I’m currently raycasting on mouseMove, an array of objects in the scene and I realistically only need the very first object that is hit, nothing else after that. It seems wasteful to continue the cast & search despite my result already being satisfied. Is there a built-in way of doing this, if not, would it be easy to hack in?
Or would the performance improvement be minuscule?
I assume you are using Raycaster.intersectObjects(), right? The method tests the entire given array of 3D objects and sorts the intersections per distance since in many use cases you want the closest intersection point (and not just an arbitrary one). If you do not need this logic in your app, I suggest you use Raycaster.intersectObject() instead and raycast against each object individually. You can then abort the intersection test as soon as you have an intersection point.

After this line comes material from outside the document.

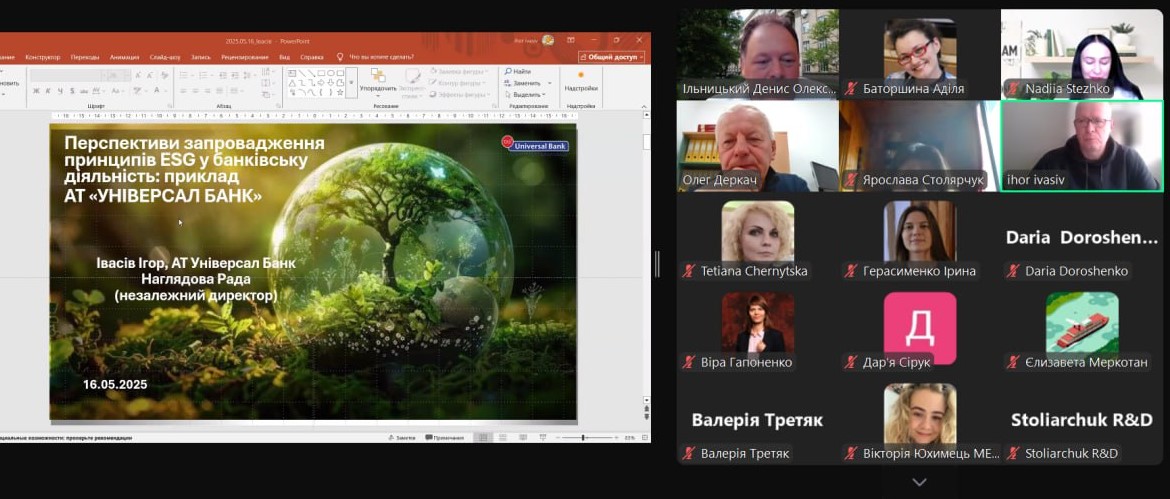 Професор кафедри, член наглядової ради АТ Універсал Банк, І. Б. Івасів взяв участь у роботі круглого столу «Євроінтеграційний вимір зеленої трансформації економіки України: синергія бізнесу, влади, освіти і громад», який був організований за рахунок фінансування Євросоюзу і зібрав майже сотню учасників. Виступив про перспективи запровадження принципів ESG у банківську діяльність на прикладі АТ УНІВЕРСАЛ БАНК. В доповіді підкреслено, що останніми роками банки запроваджували окремі елементи ESG-стратегії без регуляторного тиску, за власною ініціативою. Зараз же, коли НБУ активно формує нормативну базу для ESG (згідно з Білою книгою вимоги до розкриття ESG-інформації очікуються до 2027 року), можна очікувати значного пожвавлення активності банків у цій царині.

Not sure why I didn’t think of that, seeing as Raycaster.intersectObjects does that internally anyway, I believe, just sorts the end result by distance. Thanks!

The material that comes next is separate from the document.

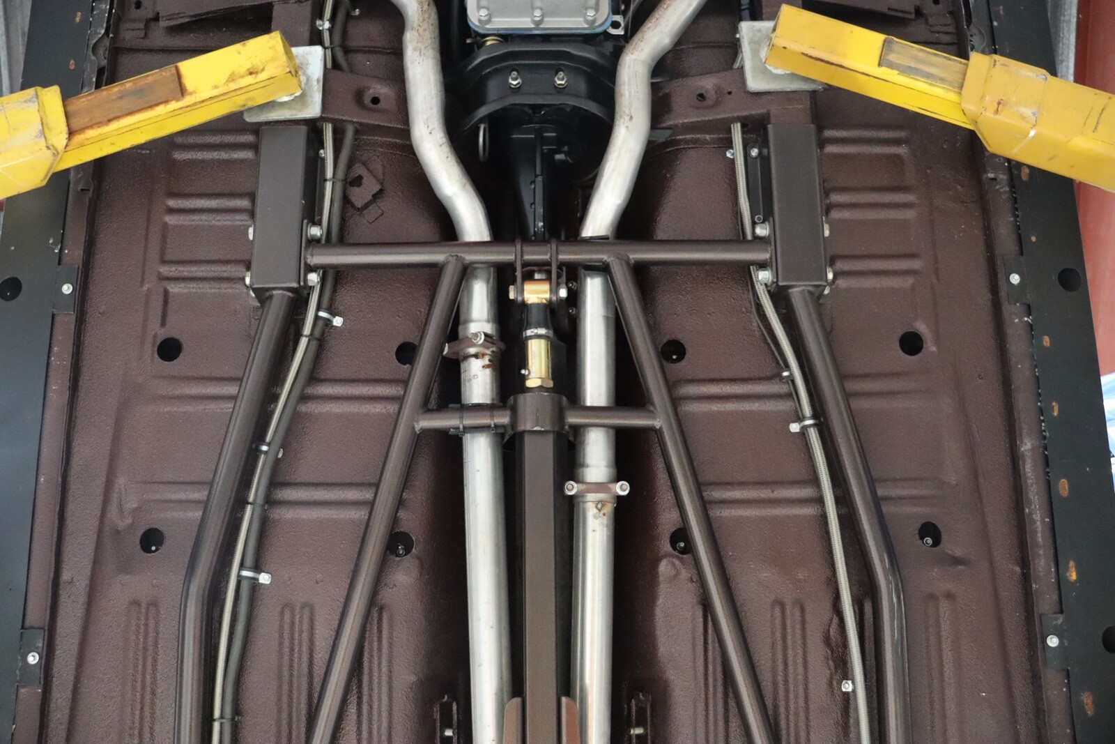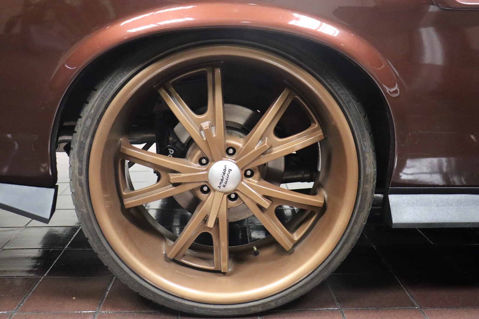 This one-of-a-kind fastback has been generously coated with a super thick Rhino lined spray, which has been color matched to blend in with the body, and the inside of the engine bay as well the interior of the body. It will definitely hold up to all weather and debris without rusting with durability. It has many one-off accents in the engine bay as well the interior, with metal work that has dimples to dress the car and makes it even more unique.

At first I thought this idea works, but after implementing it, figured out that if two objects are behind each other, and if you don’t search in all 3D objects for intersection, you may check the object behind the closer object first. So I think this approach only works when you don’t have objects behind each other.
At first I thought this idea works, but after implementing it, figured out that if two objects are behind each other, and if you don’t search in all 3D objects for intersection, you may check the object behind the closer object first. So I think this approach only works when you don’t have objects behind each other.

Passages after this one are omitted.